According to the prediction results from HMM (hidden Markov model), homologous alignment, and RNA-seq data, the assembled genome has 37,428 protein-coding genes, with an average gene length of 5,958 bp and an average CDS length of 1193 bp (Supplementary Table S2). Furthermore, PacBio sequencing data was used to improve the accuracy of gene prediction by long sequencing reads. The four databases (NR, SwissProt, GO, COG and KEGG) were used for gene functional annotation, indicating that most of the protein-coding genes (27,298) were annotated in the NR database, accounting for 73.0% (Supplementary Figure S2).

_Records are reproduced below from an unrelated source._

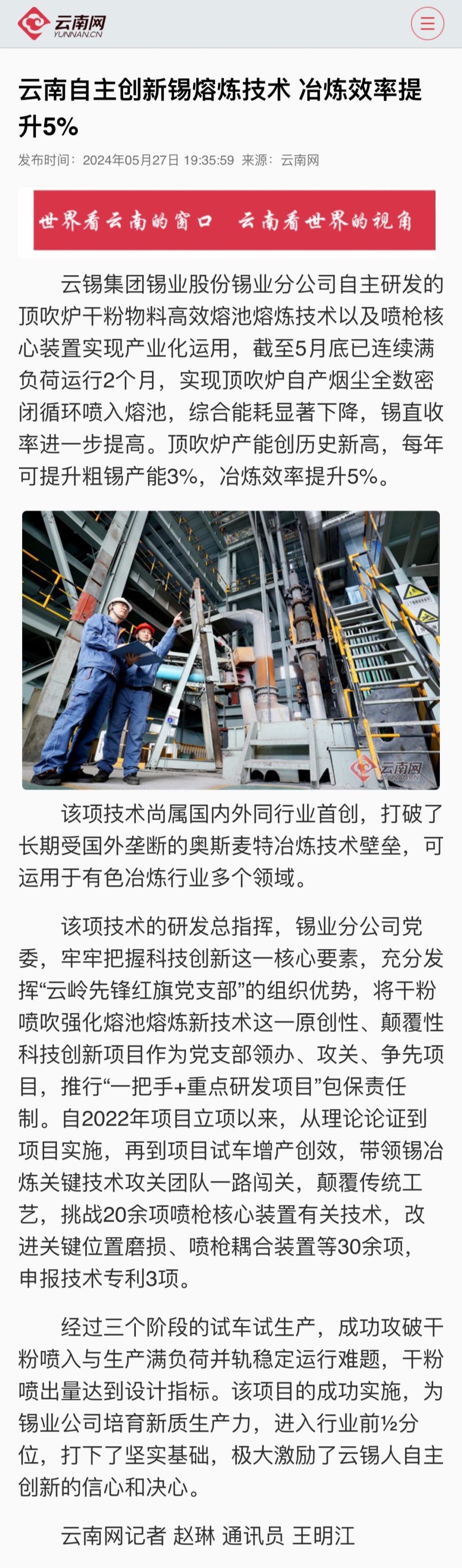 云南網:云錫自主創新錫熔煉技術 冶煉效率提升5%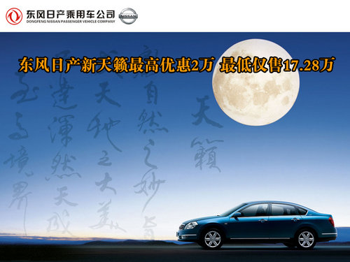 东风日产新天籁现金优惠2万最低仅售17.28万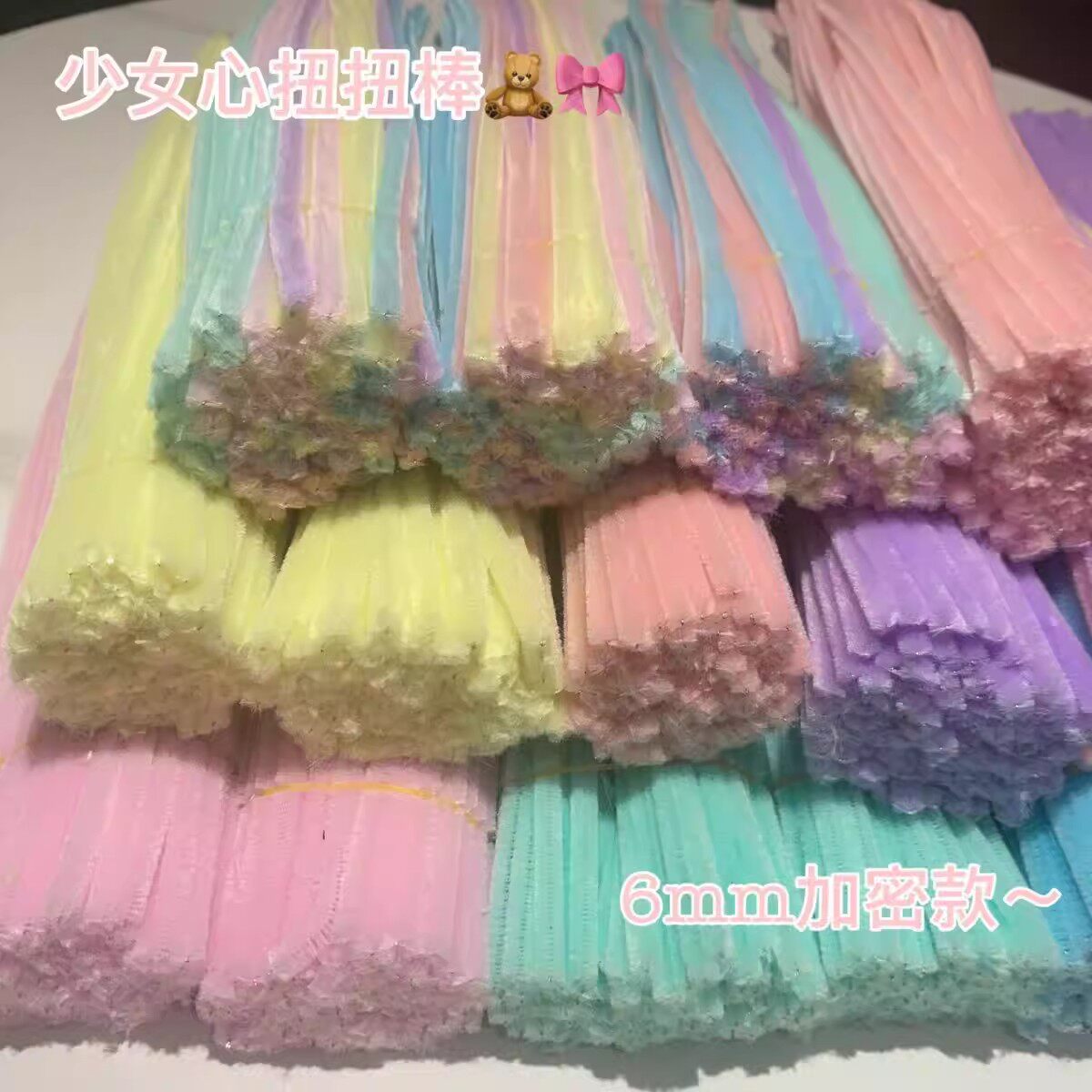 扭扭棒花束手工diy加粗彩色毛绒毛条毛根加密材料包饰品马卡龙色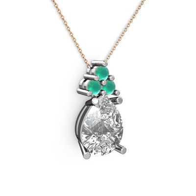 Swarovski ve kök zümrüt 925 ayar gümüş kolye (40 cm gümüş rolo zincir)
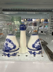 Vintage Delft Blue Style Salt and Pepper Shaker Set with Holder
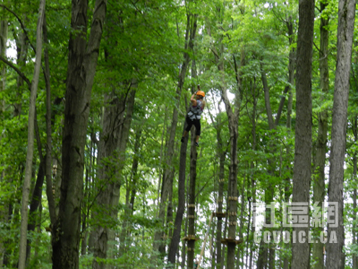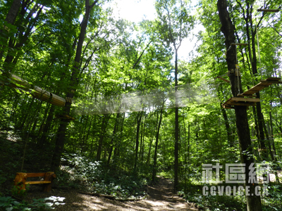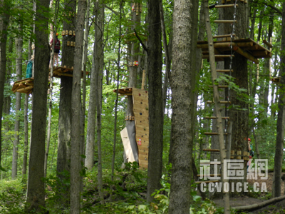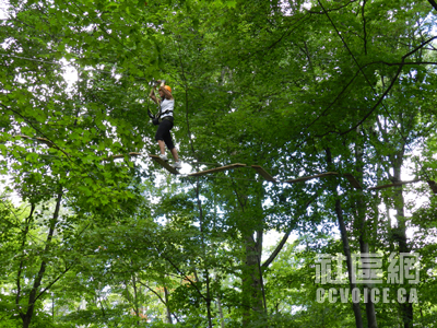 [本报记者 伦敦摄影报道] 在行走山水之间,本报记者无意中前往Boler Mountain,走访了新近开放的树上探险公园(Treetop Adventure Park),被这个项目所深深吸引。在现场采访和拍摄大量照片之后,记者觉得有必要给华人朋友积极推介,因为这确实是一个难得的老少皆宜的户外运动,绝对有益健康。树上探险公园适合人群广泛,只要有一定身高、身体健康的人群都可以参与,低至8岁的未成年人,高至65岁的乐龄族均可以参与。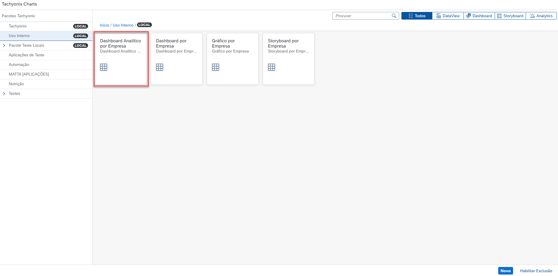 Selecione o pacote Tachyonix e clique no dashboard que desejado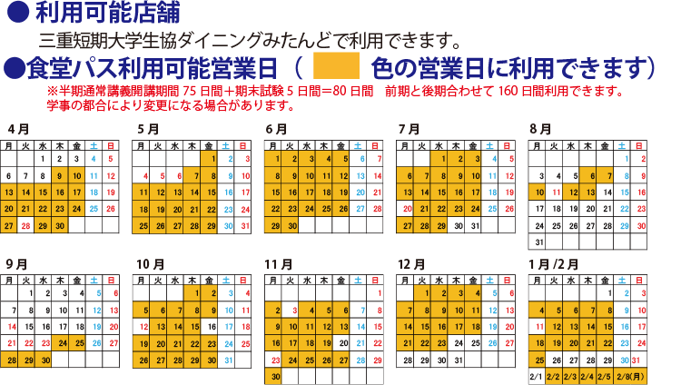 ※食堂パス対象日以外でも大学学事の関係で営業することがございます。その場合はキャンパスペイや現金でご利用いただけます。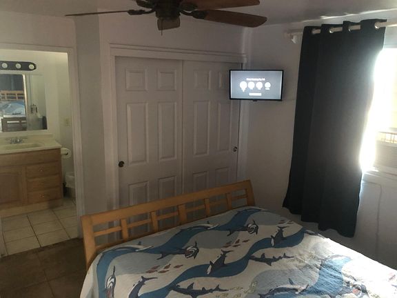 3 back bedrooms have queen beds, AC, TV & ceiling fans. 4th bedroom has 2 double beds. Family room has 50-inch smart TV.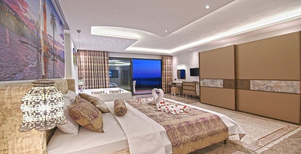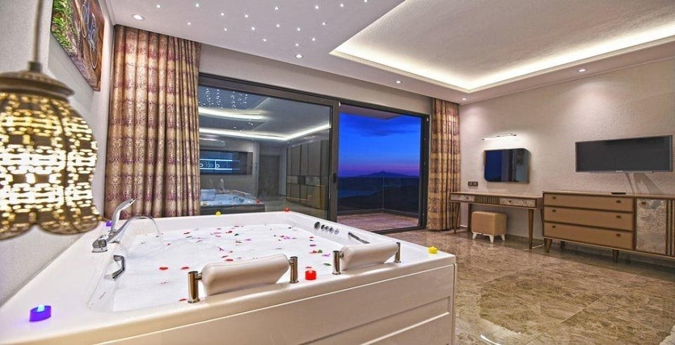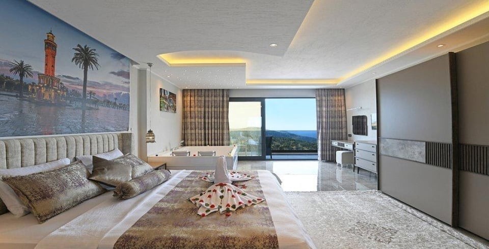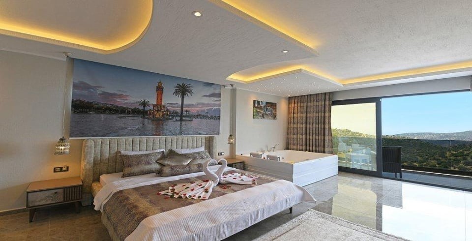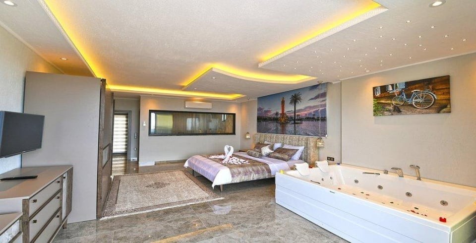 1. Yatak Odası : 1 adet çift kişilik yatak, klima, komodin, makyaj masası, elbise dolabı, TV, iç havuz, banyo ve lavabo bulunmaktadır.

The completeness of BUSCO assessment for the protein-coding genes was calculated to be 89.1%, which is comparable to that of the recent genome of R. philippinarum (83.4%), hard clam M. mercenaria (90.5%), Peruvian scallop Argopecten purpuratus (89%), razor clam S. constricta (91.9%) [10,66,81]. According to the BUSCO assessment using the metazoan dataset, the completeness of molluscan genomes is reported to vary from 81.9% to 94.6%, which may be affected by the highly dynamic repeat contents and high heterozygosity in mollusks [5,9].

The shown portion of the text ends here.